Work order — Text only, exactly as given: reproduce the entries below without their pictures.

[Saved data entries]
──────

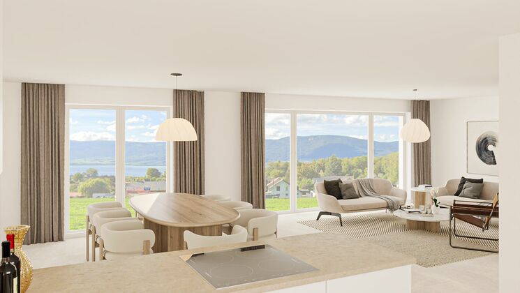 Ce projet de 2 villas (A et B) vous séduira par sa situation privilégiée et sa vue dégagée sur le lac. Nichée entre vergers, vignes, champs et rivages, elle incarne l'alliance parfaite entre nature et modernité !
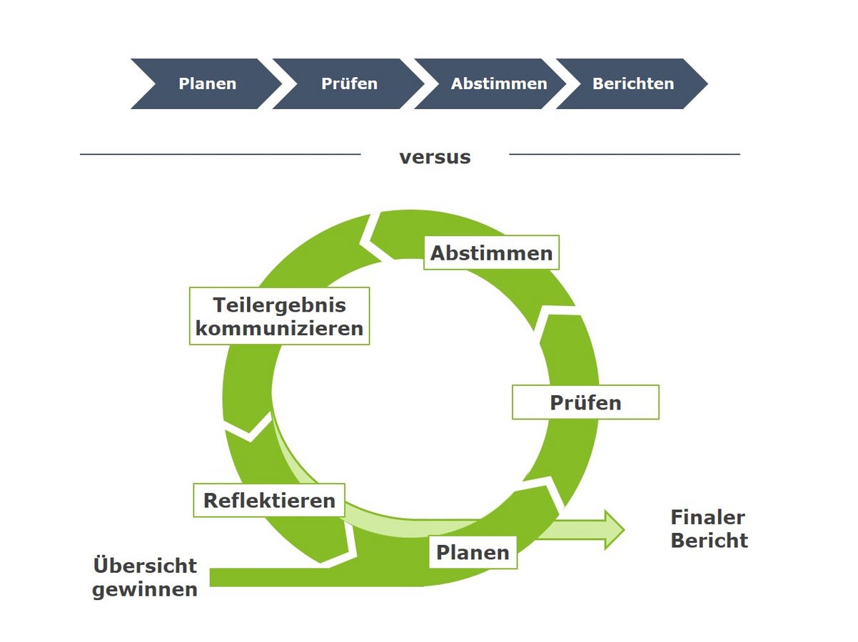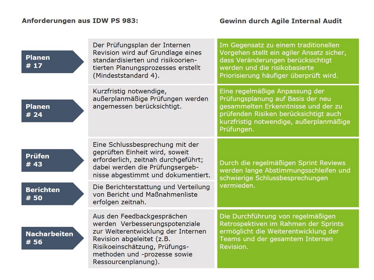 Abb. 05: Eine agile Arbeitsweise erfüllt nicht nur die Anforderungen des DIIR/ IDW, sondern bietet zudem Verbesserungspotenzial
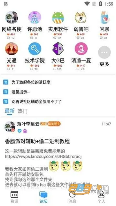 1. 落叶社区资源极为丰富,涵盖软件和游戏等各类资源,均由用户自发提供,保证了资源可靠性,社区生态活跃。
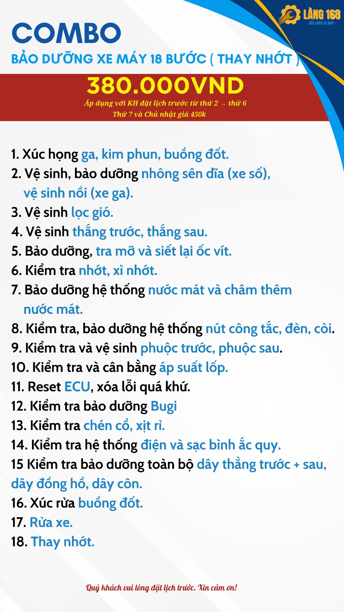 - Rửa xe miễn phí sau khi hoàn tất
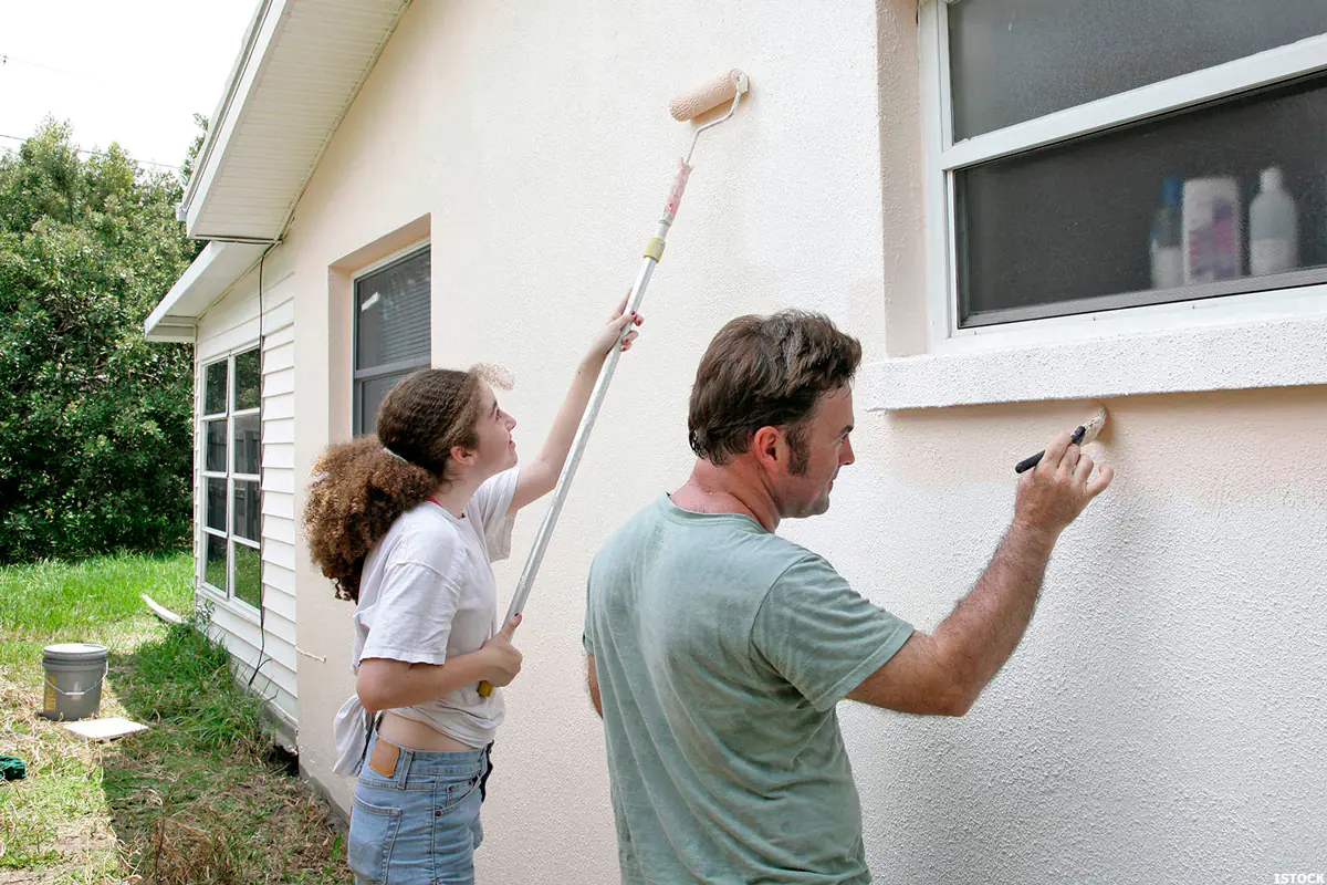 Не использовать ржавые инструменты и емкости. Работы на одной поверхности следует выполнять непрерывно, используя материал одинаковой консистенции. Перерыв в работе или завершение окрашивания рекомендуется производить в местах стыкования поверхностей (углы здания или помещения), архитектурных элементов фасада.
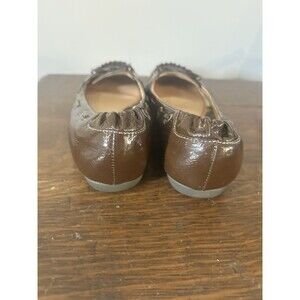 The Sperry Top Sider Patent Leather Brown Boat Shoes are a stylish and comfortable choice for women in size 7. These slip-on loafers feature a classic round toe shape, made with leather uppers and lined with fabric. The rubber outsole provides arch support, cushioning, and slip resistance, making them ideal for various occasions such as travel, casual outings, and business meetings. The brown color and preppy design with a metal accent add a touch of sophistication to these versatile boat shoes, perfect for wearing in the summer, fall, and spring seasons.
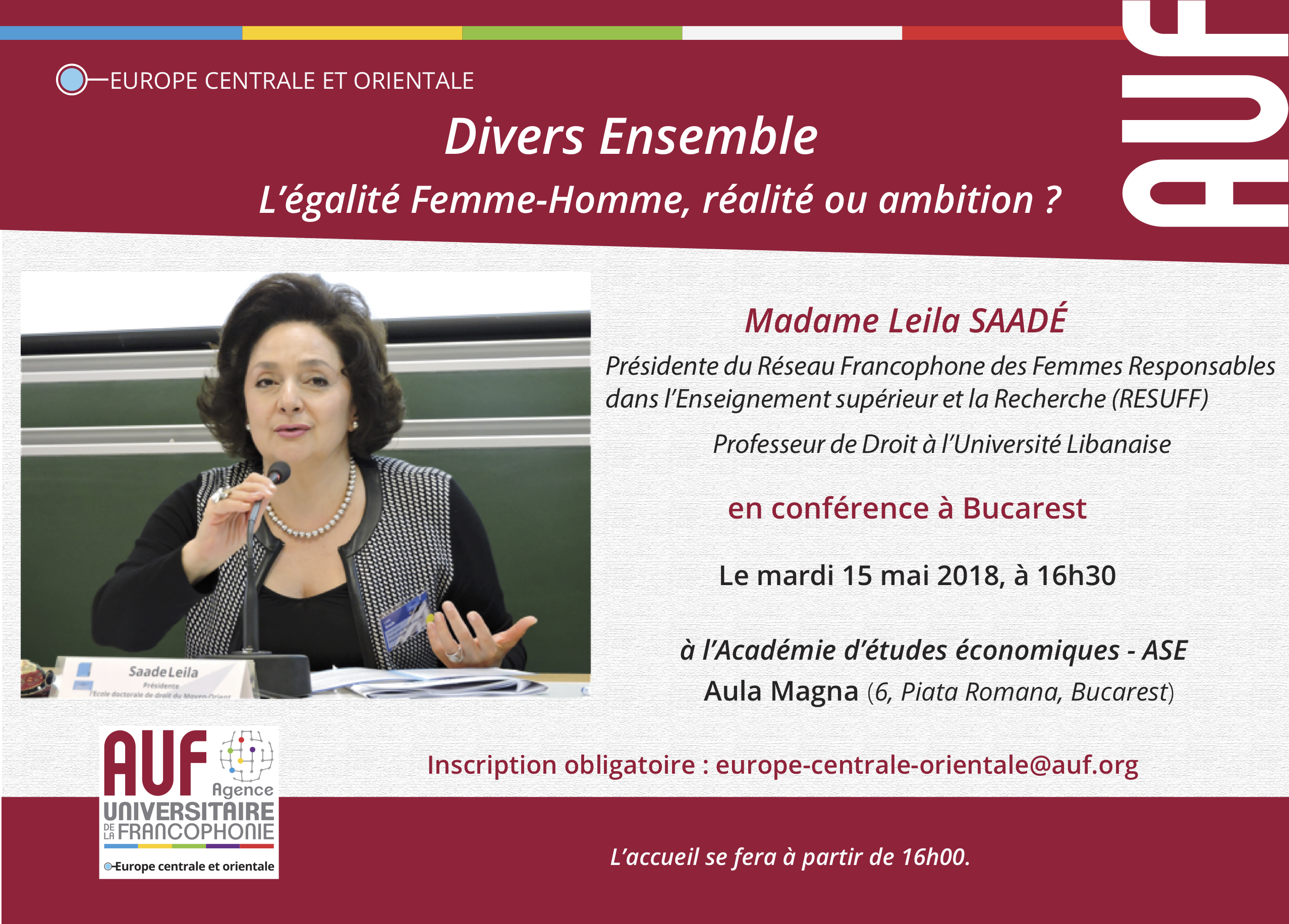 L’Agence universitaire de la Francophonie en Europe centrale et orientale organisera le 15 mai 2018 à Bucarest la Conférence « Divers Ensemble. L’égalité Femme-Homme, réalité ou ambition ? » donnée par Madame Leila SAADÉ, présidente du Réseau Francophone des Femmes Responsables dans l’Enseignement supérieur et la Recherche (RESUFF) et professeur de droit à l’Université Libanaise.

──────

Answer to the exercise —
 Ce projet de 2 villas (A et B) vous séduira par sa situation privilégiée et sa vue dégagée sur le lac. Nichée entre vergers, vignes, champs et rivages, elle incarne l'alliance parfaite entre nature et modernité !
 Abb. 05: Eine agile Arbeitsweise erfüllt nicht nur die Anforderungen des DIIR/ IDW, sondern bietet zudem Verbesserungspotenzial
 1. 落叶社区资源极为丰富,涵盖软件和游戏等各类资源,均由用户自发提供,保证了资源可靠性,社区生态活跃。
 - Rửa xe miễn phí sau khi hoàn tất
 Не использовать ржавые инструменты и емкости. Работы на одной поверхности следует выполнять непрерывно, используя материал одинаковой консистенции. Перерыв в работе или завершение окрашивания рекомендуется производить в местах стыкования поверхностей (углы здания или помещения), архитектурных элементов фасада.
 The Sperry Top Sider Patent Leather Brown Boat Shoes are a stylish and comfortable choice for women in size 7. These slip-on loafers feature a classic round toe shape, made with leather uppers and lined with fabric. The rubber outsole provides arch support, cushioning, and slip resistance, making them ideal for various occasions such as travel, casual outings, and business meetings. The brown color and preppy design with a metal accent add a touch of sophistication to these versatile boat shoes, perfect for wearing in the summer, fall, and spring seasons.
 L’Agence universitaire de la Francophonie en Europe centrale et orientale organisera le 15 mai 2018 à Bucarest la Conférence « Divers Ensemble. L’égalité Femme-Homme, réalité ou ambition ? » donnée par Madame Leila SAADÉ, présidente du Réseau Francophone des Femmes Responsables dans l’Enseignement supérieur et la Recherche (RESUFF) et professeur de droit à l’Université Libanaise.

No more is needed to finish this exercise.